Приняли Маринеско на «С-13» хорошо. Отчасти потому, что его приходу уже предшествовала добрая слава, но еще больше потому, что он с первого знакомства произвел на команду неотразимое впечатление. Не внешностью, а внутренней свободой и естественностью — качеством, редко упоминаемым в официальных характеристиках, но высоко ценимым солдатами и матросами. Матрос, отзываясь о своем командире, не всегда скажет это слово, чаще он говорит «простой». Но мы ошибаемся, если поймем это слово только как «демократичный» или, что уж совсем мимо, как «простоватый». Простой в данном случае означает именно естественный, не позер и не ломака, то, за что себя выдает. Простой — это не обязательно душа нараспашку, можно быть сдержанным, как Маринеско; важно чтоб у командира душа была и чтоб в критический момент он оказался именно таким, каким кажется в обычное время.

Ветеран «С-13» гидроакустик Иван Малафеевич Шнапцев так вспоминает первое появление Маринеско на лодке:

«Базировались мы тогда в Ленинграде. Наша плавбаза „Смольный“ стояла на Неве у левого берега. Было уже известно, что у нас будет новый командир. Стороной о нем команда уже слыхала. Вскоре он появился. Внешне он большого впечатления не производил — небольшого росточка, говорит тихо, нет такой командирской солидности… Наш сдает дела, новый принимает, а команда, известное дело, присматривается. Потом он нас собрал и представился: „Я ваш новый командир, зовут меня Александр Иванович Маринеско, скоро мы пойдем в поход и будем вместе бить врага“. Но по-настоящему понравился нам новый командир при очередной швартовке. Маланченко не умел швартоваться, у нас, как доходит до швартовки, сразу крик, суетня, вся команда наверху, редко когда с одного захода ставили корабль на место. А этот вышел, присел на рубку, тихо скомандовал и сразу поставил лодку впритирочку. Это все оценили: видно молодца по ухватке, сразу понятно — моряк.

Маринеско очень серьезно взялся за дело. Тренировал личный состав по-своему, проводил тут же, на Неве, пробные погружения. К началу навигации лодка была „на товсь!“, дух у команды был боевой, но в 1943 году нас в море не выпустили. Тогда погибли многие: Осипов, Мыльников… Смерть своего друга Мыльникова командир пережил очень тяжело.

За время учений и тренировок мы узнали и полюбили Александра Ивановича. Как человек он был очень хороший. Держался по-товарищески, распекать не любил, но дисциплину держал крепко, такому на шею не сядешь, умел и на место поставить. Бывало, идет по лодке, смотрит, как люди работают, чистят, драят, если ему что не по душе, то иногда и не скажет, а только глянет и вздохнет, а матрос уже сам понимает, в чем у него непорядок. Во время учебных тревог и погружений был исключительно четок, собран. Когда мы ходили по Неве, мастерски провел лодку под неразведенным мостом, был слух, что его за это отругали, но лиха беда — начало, после него и другие стали ходить».

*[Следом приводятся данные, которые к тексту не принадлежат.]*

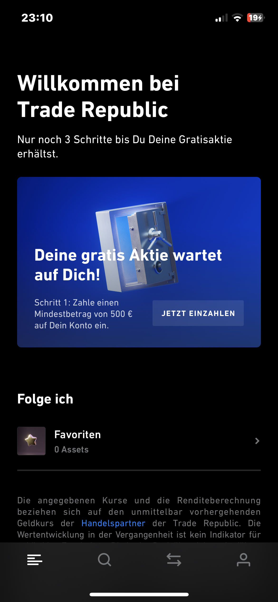 Wow, was für ein Börsenumfeld seit dem Trade Republic 2019 gestartet ist – mehr auf und ab ist kaum möglich! Habt ihr auch in den vergangen 3 Jahren noch immer nicht Trade Republic getestet? Dann habt ihr nun die Möglichkeit eine Aktie (bzw. Aktienbruchstück) im Wert von 25€ geschenkt zu bekommen. Diese 25€ sind garantiert – es gibt also keine Enttäuschung mit „bis zu“, wie bei den letzten Aktionen, die sich dann als 5-10€ Wert entpuppten. Traden könnt ihr weiterhin zu 0€ Orderentgelt und 1€ Fremdkostenpauschale, besser geht es eigentlich kaum noch!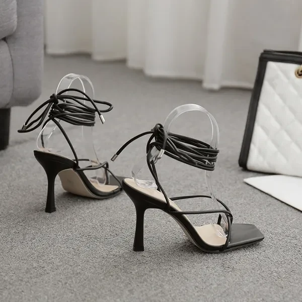 Summer New Fashion Pinch Narrow Band Women Gladiator Sandal Ladies Square Open Toe Ankle Buckle Strap Stiletto Heels Sandals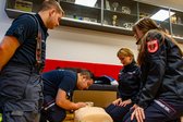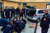 Der Vormittag begann mit Vorträgen zu den Themen Gefahrenbereiche und Großschadensereignisse, SvE (Stressverarbeitung nach belastenden Einsätzen), Inhalationstrauma, Verbrennungen, spezielle Anatomie, Unfallmechanik, Retten von Verletzten und Zusammenarbeit mit anderen Einsatzdiensten.

Пока экипаж изучал командира, командир не терял времени — он изучал экипаж. Командиры боевых частей ему достались проверенные в бою — минер Константин Емельянович Василенко, инженер-механик Георгий Александрович Дубровский. Штурман Николай Яковлевич Редкобородов пришел на лодку недавно, но тоже производил надежное впечатление. Среди матросов и старшин много первоклассных специалистов. А вот со своими ближайшими помощниками, замполитом и старпомом, Александр Иванович общего языка не нашел, и потребовалось немало дипломатических усилий, чтобы, не доводя дело до конфликта, получить вместо них таких людей, с которыми у него установилось полное взаимопонимание. Вместо прежнего заместителя пришел Борис Никитич Крылов. Он немного не дожил до встречи ветеранов «С-13» 1978 года, и я искренне жалею, что не мог познакомиться с ним, о нем вспоминали с большим уважением. Говорят, уйдя в отставку, он писал воспоминания о походах «С-13», но след их затерялся.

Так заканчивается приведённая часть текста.